> [Brief]:
Look below for the line that has "sandalias ash marrones"; output exactly from it through the line that has "olarak talep edilmiştir.", and leave the pictures out.
START Data for this task
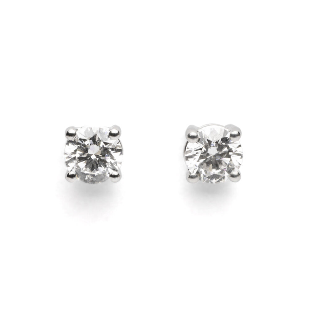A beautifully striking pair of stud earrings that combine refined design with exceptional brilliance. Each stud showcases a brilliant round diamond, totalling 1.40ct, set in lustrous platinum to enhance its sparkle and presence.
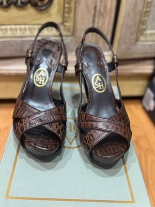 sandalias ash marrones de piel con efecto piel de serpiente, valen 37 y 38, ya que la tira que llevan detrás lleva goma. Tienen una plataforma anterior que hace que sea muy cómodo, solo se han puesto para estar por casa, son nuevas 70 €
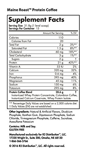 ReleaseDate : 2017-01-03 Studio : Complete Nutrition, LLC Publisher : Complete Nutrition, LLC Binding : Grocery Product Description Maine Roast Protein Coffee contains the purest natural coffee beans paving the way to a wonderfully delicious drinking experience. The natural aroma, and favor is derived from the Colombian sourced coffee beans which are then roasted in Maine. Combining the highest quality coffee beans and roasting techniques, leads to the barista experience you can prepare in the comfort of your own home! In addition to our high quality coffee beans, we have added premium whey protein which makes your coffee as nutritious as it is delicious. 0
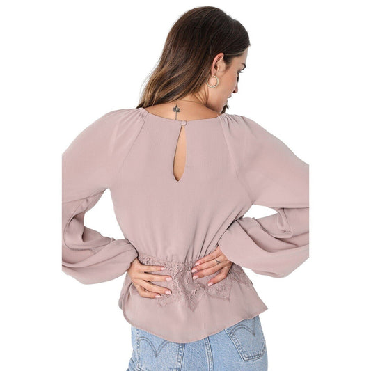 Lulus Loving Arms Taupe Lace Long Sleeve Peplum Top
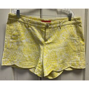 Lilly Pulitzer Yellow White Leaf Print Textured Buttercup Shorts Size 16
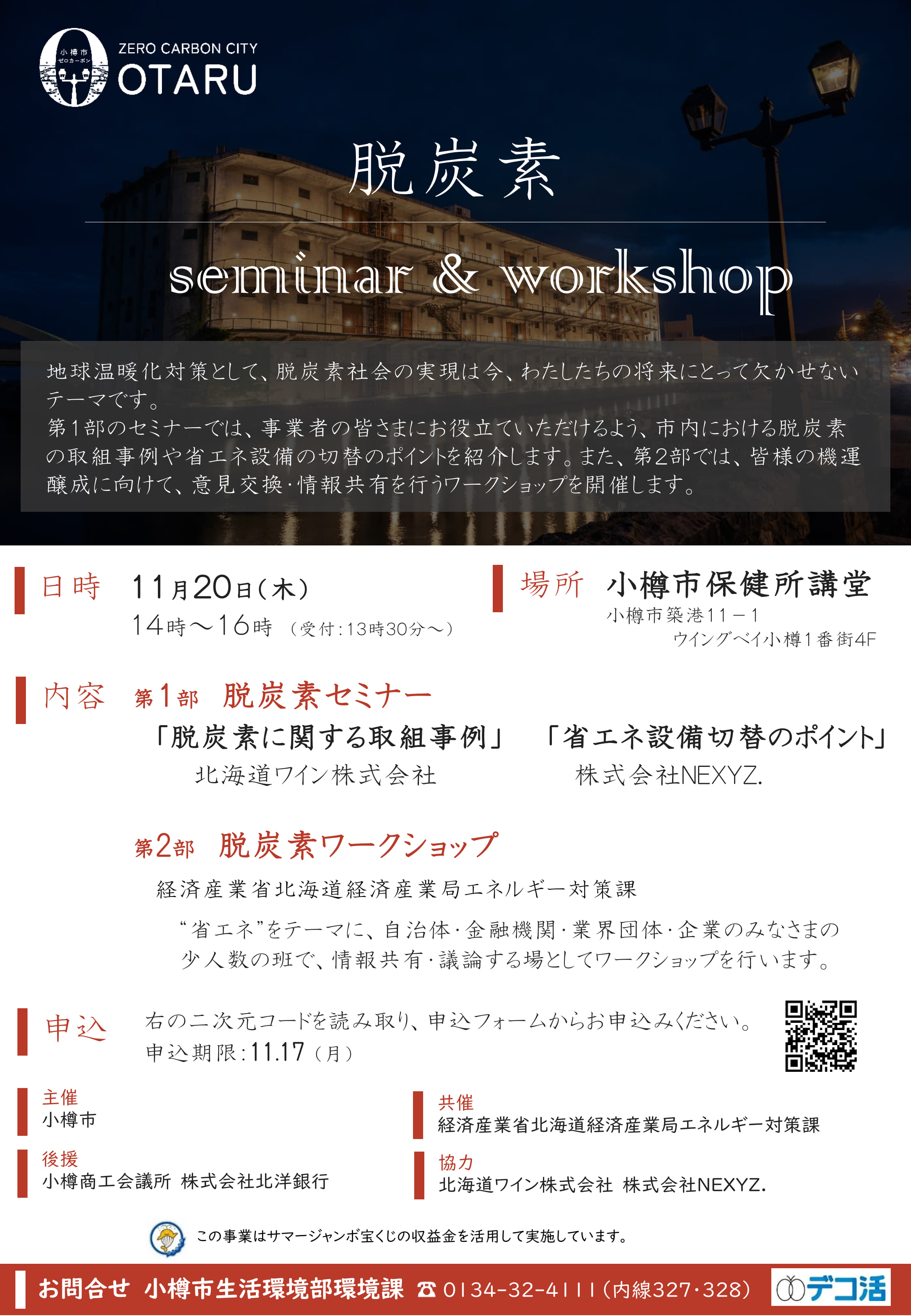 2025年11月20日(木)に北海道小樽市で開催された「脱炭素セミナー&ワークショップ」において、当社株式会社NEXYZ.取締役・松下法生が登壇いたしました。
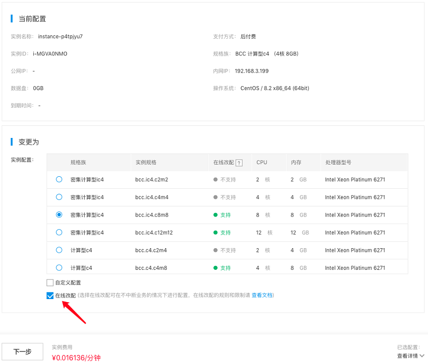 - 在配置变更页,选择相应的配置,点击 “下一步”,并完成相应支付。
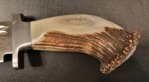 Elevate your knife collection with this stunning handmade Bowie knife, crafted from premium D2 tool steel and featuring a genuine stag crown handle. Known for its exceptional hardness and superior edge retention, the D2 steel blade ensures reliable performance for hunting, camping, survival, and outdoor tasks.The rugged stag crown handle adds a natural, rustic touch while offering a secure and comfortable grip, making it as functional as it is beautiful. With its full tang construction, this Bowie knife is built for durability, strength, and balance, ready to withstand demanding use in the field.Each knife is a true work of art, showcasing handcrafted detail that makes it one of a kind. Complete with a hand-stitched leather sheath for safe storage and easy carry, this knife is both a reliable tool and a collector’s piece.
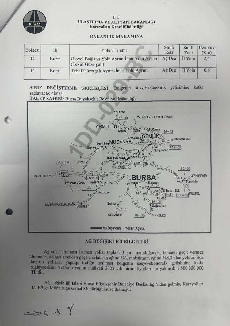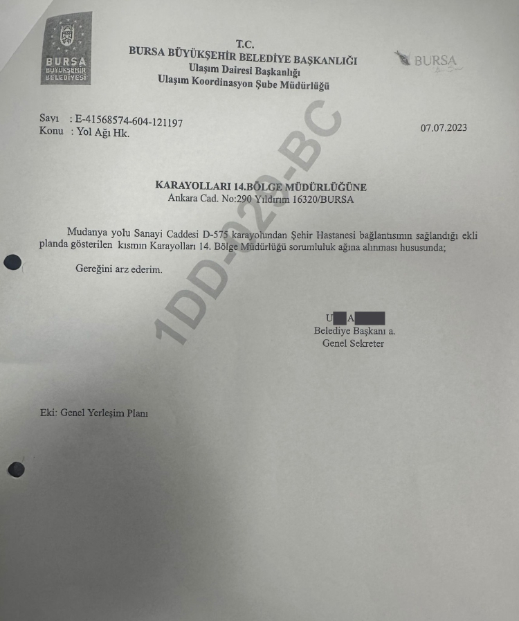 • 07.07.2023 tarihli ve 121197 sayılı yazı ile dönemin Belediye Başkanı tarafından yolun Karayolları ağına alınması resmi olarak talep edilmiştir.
END Data for this task
START Data for this task
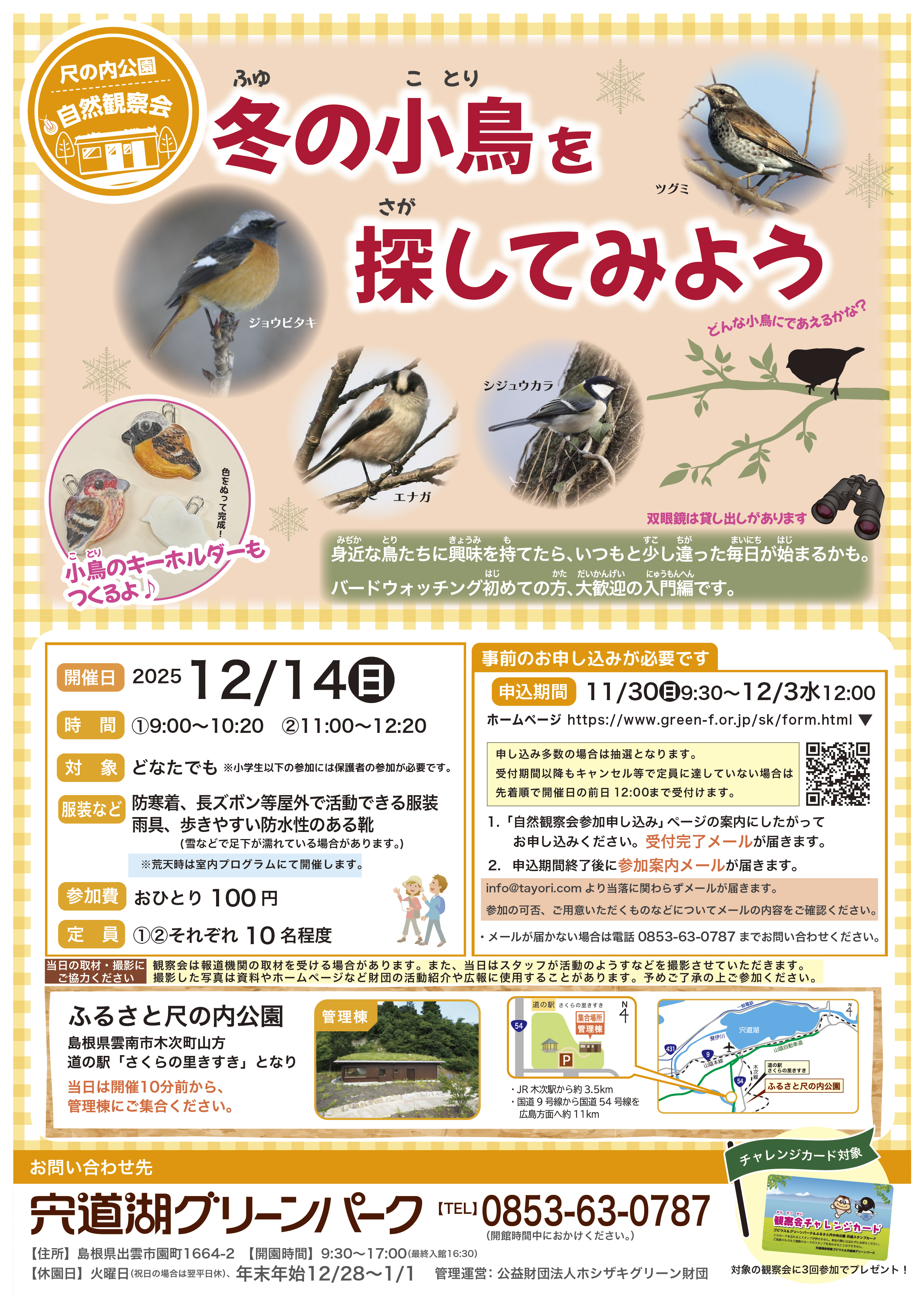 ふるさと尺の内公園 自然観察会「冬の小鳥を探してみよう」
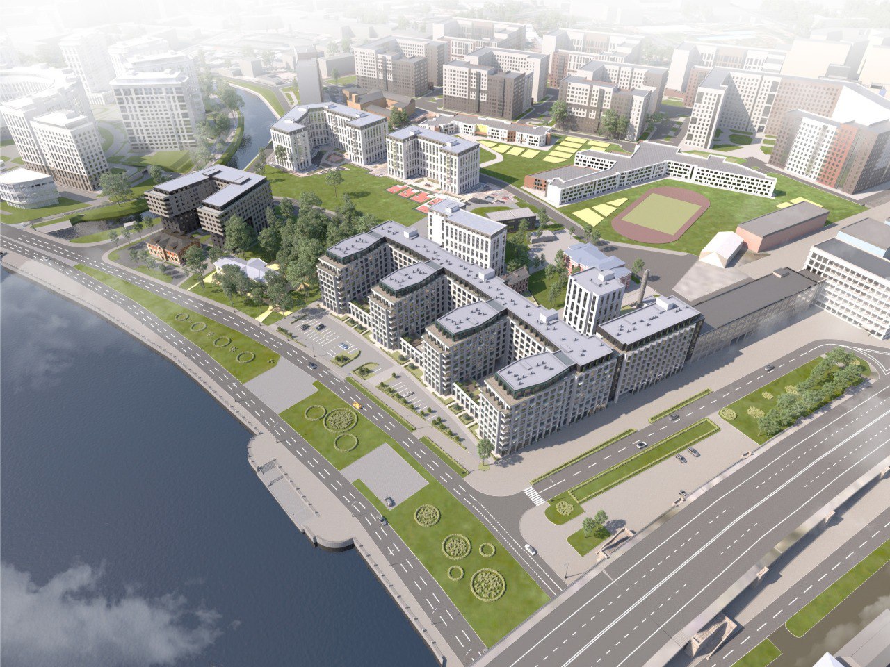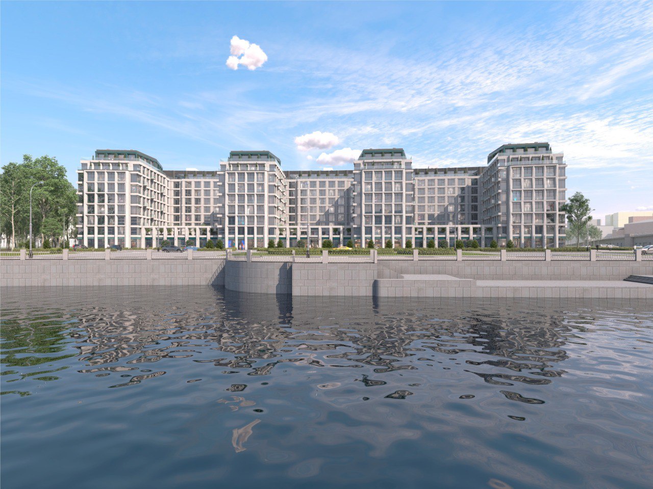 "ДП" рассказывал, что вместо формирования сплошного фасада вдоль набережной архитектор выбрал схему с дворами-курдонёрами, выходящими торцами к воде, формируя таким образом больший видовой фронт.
END Data for this task
> [Response to this exercise]:
 sandalias ash marrones de piel con efecto piel de serpiente, valen 37 y 38, ya que la tira que llevan detrás lleva goma. Tienen una plataforma anterior que hace que sea muy cómodo, solo se han puesto para estar por casa, son nuevas 70 €
 ReleaseDate : 2017-01-03 Studio : Complete Nutrition, LLC Publisher : Complete Nutrition, LLC Binding : Grocery Product Description Maine Roast Protein Coffee contains the purest natural coffee beans paving the way to a wonderfully delicious drinking experience. The natural aroma, and favor is derived from the Colombian sourced coffee beans which are then roasted in Maine. Combining the highest quality coffee beans and roasting techniques, leads to the barista experience you can prepare in the comfort of your own home! In addition to our high quality coffee beans, we have added premium whey protein which makes your coffee as nutritious as it is delicious. 0
 Lulus Loving Arms Taupe Lace Long Sleeve Peplum Top
 Lilly Pulitzer Yellow White Leaf Print Textured Buttercup Shorts Size 16
 2025年11月20日(木)に北海道小樽市で開催された「脱炭素セミナー&ワークショップ」において、当社株式会社NEXYZ.取締役・松下法生が登壇いたしました。
 - 在配置变更页,选择相应的配置,点击 “下一步”,并完成相应支付。
 Elevate your knife collection with this stunning handmade Bowie knife, crafted from premium D2 tool steel and featuring a genuine stag crown handle. Known for its exceptional hardness and superior edge retention, the D2 steel blade ensures reliable performance for hunting, camping, survival, and outdoor tasks.The rugged stag crown handle adds a natural, rustic touch while offering a secure and comfortable grip, making it as functional as it is beautiful. With its full tang construction, this Bowie knife is built for durability, strength, and balance, ready to withstand demanding use in the field.Each knife is a true work of art, showcasing handcrafted detail that makes it one of a kind. Complete with a hand-stitched leather sheath for safe storage and easy carry, this knife is both a reliable tool and a collector’s piece.
 • 07.07.2023 tarihli ve 121197 sayılı yazı ile dönemin Belediye Başkanı tarafından yolun Karayolları ağına alınması resmi olarak talep edilmiştir.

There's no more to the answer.